Tromperie et vengeance : « Sarukani Gassen », la bataille du singe et des crabes

Culture Livre

Ce conte japonais est l’histoire d’une tromperie, suivie d’une vengeance terrible.

Une trouvaille chanceuse

Il était une fois un crabe et un singe, qui étaient très bons amis. Un beau jour, ils partirent se promener tous les deux, et alors que le singe gambadait tranquillement le long du chemin, il trouva une graine de kaki. Plus tard, le crabe, lui, ramassa une boulette de riz, alors qu’il longeait la rivière. « Eh, regarde ! » dit le crabe en appelant son compagnon. Pendant un moment, le singe fixa du regard sa future pitance, avant de sortir joyeusement de son épaisse fourrure la graine de kaki qu’il venait de trouver.

« Oh, ce n’est rien ça. Regarde ce que j’ai, moi. » Le singe offrit au crabe d’échanger sa graine de kaki contre la boulette de riz. « Mais elle est beaucoup plus petite » objecta le crabe. « Ah… » dit le singe. « Mais tu peux la planter et elle donnera un bel arbre, et ces délicieux fruits que tu aimes tant. » Ce faisant, le crabe accepta l’échange. Le singe saisit la boulette de riz et n’en fit qu’une bouchée.

Le crabe planta la graine de kaki dans son jardin et prit soin de l’arroser chaque jour. Très vite, une minuscule pousse sortit de terre. Chaque jour, le crabe lui chanta des chansons tout en l’abreuvant de l’eau nécessaire. Le temps passa et la minuscule pousse grandit pour devenir un arbre majestueux. Au printemps, ses feuilles qui avaient recouvert ses branches robustes laissèrent place à de magnifiques fleurs. Le crabe chanta et chanta pour voir les fruits mûrir. Et quand vint l’automne, les kakis devinrent si nombreux que les branches ployèrent sous le poids des fruits.

Un fruit mortel

Mais par sa petite taille, le crabe ne pouvait pas atteindre les fruits avec ses pinces. Il essaya bien de grimper au tronc de l’arbre, mais en vain. Non, il ne lui restait plus qu’à contempler les fruits au-dessus de sa tête, en soupirant. Un jour, le crabe alla demander de l’aide au singe qui passait par là, le priant d’aller cueillir les kakis. En échange, il lui céderait bien sûr quelques fruits. À ces mots, le singe accepta l’offre et se précipita sur-le-champ au sommet de l’arbre.

Le singe se gava de fruits, là-haut, tout là-haut où le crabe ne pouvait le voir. « Ils sont absolument délicieux » se réjouit-il en se léchant les babines. « Gorgés de sucre et de jus » jubila-t-il.

« Régale-toi bien » lui cria le crabe. « N’oublie pas de m’en ramener » ajouta-t-il. Le singe lécha ses pattes encore toutes dégoulinantes de jus et regarda autour de lui. Sélectionnant à dessein un fruit encore vert, il le lança avec force en direction du crabe.

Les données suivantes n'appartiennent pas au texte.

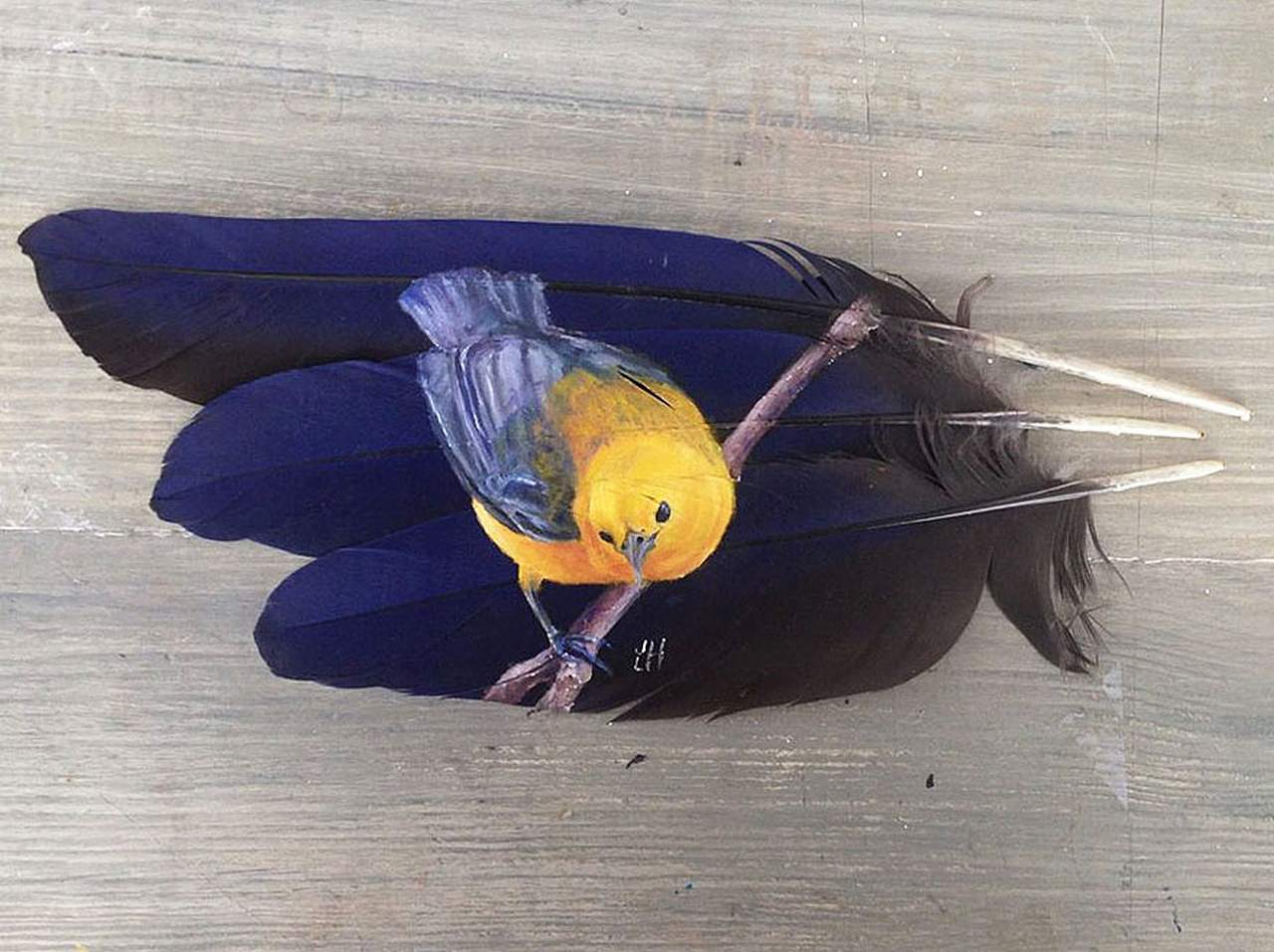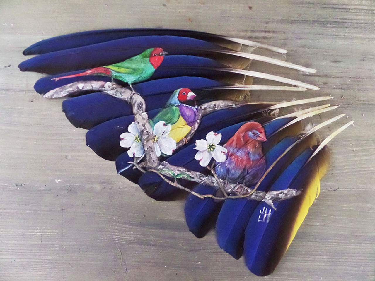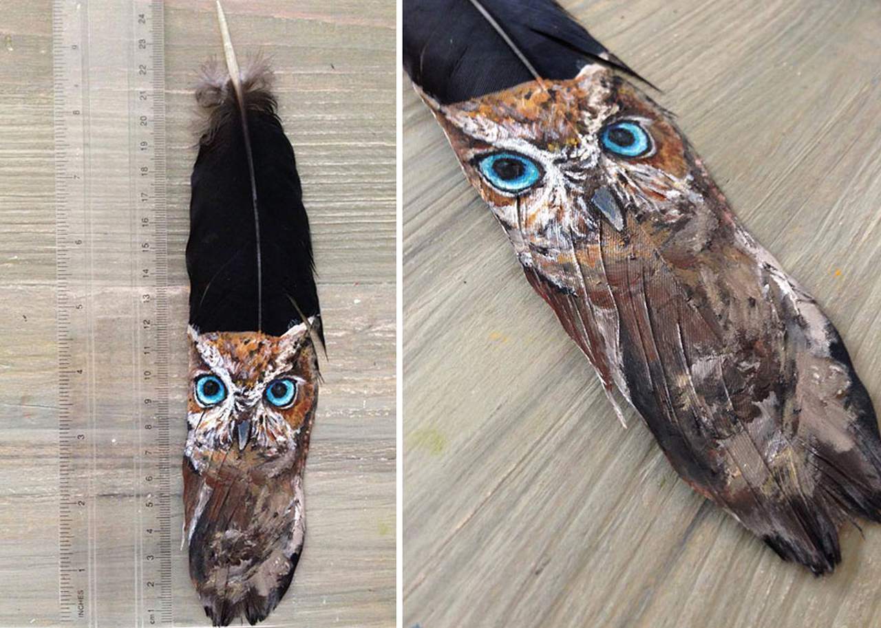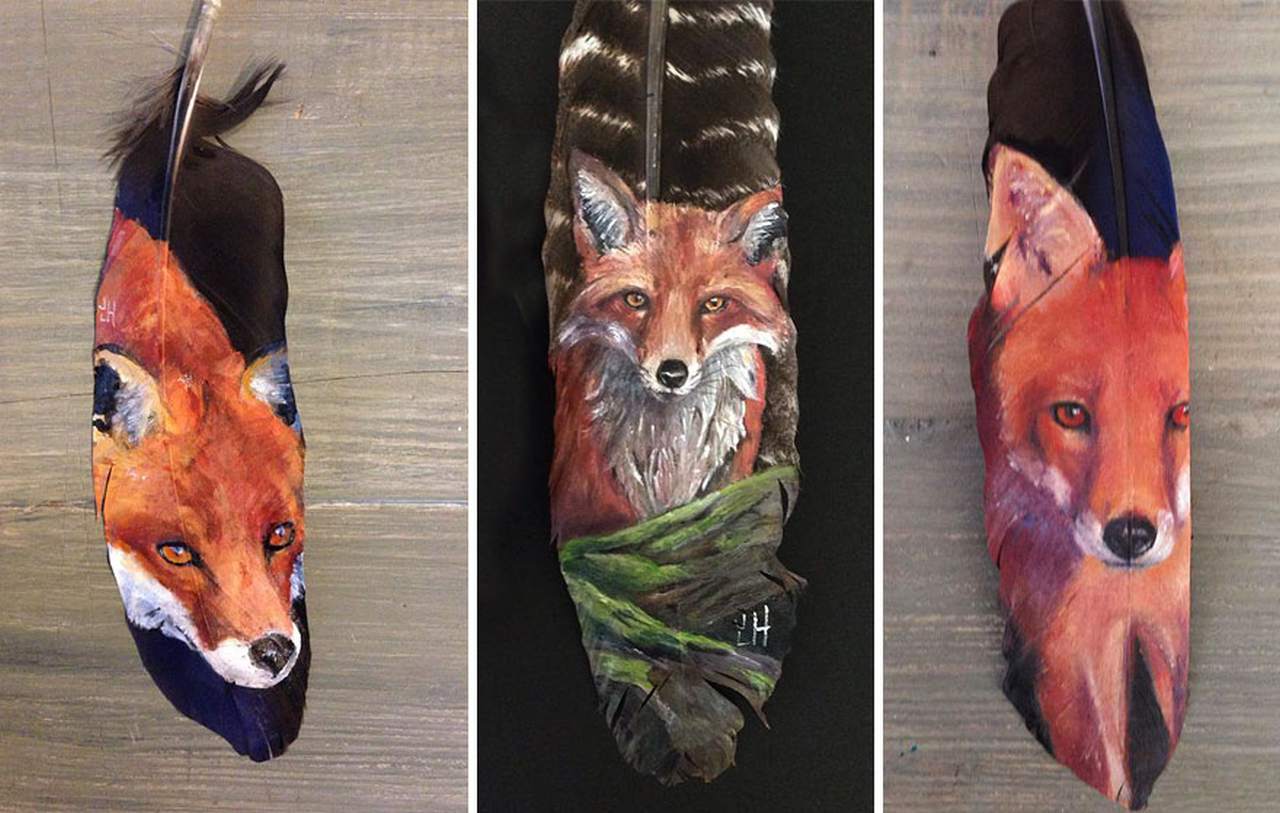 Jamie Homeister, un artista di New Albany nell’Indiana, è specializzato nel dipingere delicati disegni di animali e uccelli usando piume come tele, con uno stile che mescola la sua ascendenza Canadese con quella della tradizione dei nativi americani.

Le crabe se rapprocha et goûta le fruit. « Celui-ci est trop amer. Donne-moi en un mûr. » Le singe s’esclaffa et lui lança un autre fruit, encore plus vert celui-ci. Le crabe protesta derechef, très en colère. Choisissant le plus dur et le plus vert des kakis sur l’arbre, le singe le projeta directement sur le crabe. Le fruit percuta de plein fouet la carapace du crabe et l’animal mourut sur le coup.

Le singe s’en alla le ventre bien rempli et les bras chargés de fruits. Les enfants du crabe qui avaient assisté à la scène regardèrent le singe s’enfuir lâchement. Ils s’approchèrent de l’arbre, pleurant à chaudes larmes leur défunte mère, sous les branches pillées et saccagées de l’arbre. Une vieille s’approcha et s’enquit de la situation. « Nous nous vengerons de ce singe fourbe » lui jurèrent d’une seule voix les petits crabes. La châtaigne accepta de leur prêter main forte, bientôt rejointe par d’autres qui passaient par là, bientôt rejointe par une guêpe, une bouse de vache et un mortier en bois.

Pris au piège chez soi

Après avoir prêté serment tous ensemble, le petit groupe ainsi formé se mit en route en direction de la maison du singe. Il n’était pas chez lui ; c’était parfait pour mener leur plan à exécution et donner une bonne leçon à ce gredin. La châtaigne fut la première. Elle se précipita et s’enfouit dans les cendres du foyer. Ensuite, ce fut au tour de la guêpe qui se cacha derrière une cruche d’eau. La bouse de vache, elle, vint se disposer devant la sortie de la porte et le mortier en bois vint se jucher sur le toit.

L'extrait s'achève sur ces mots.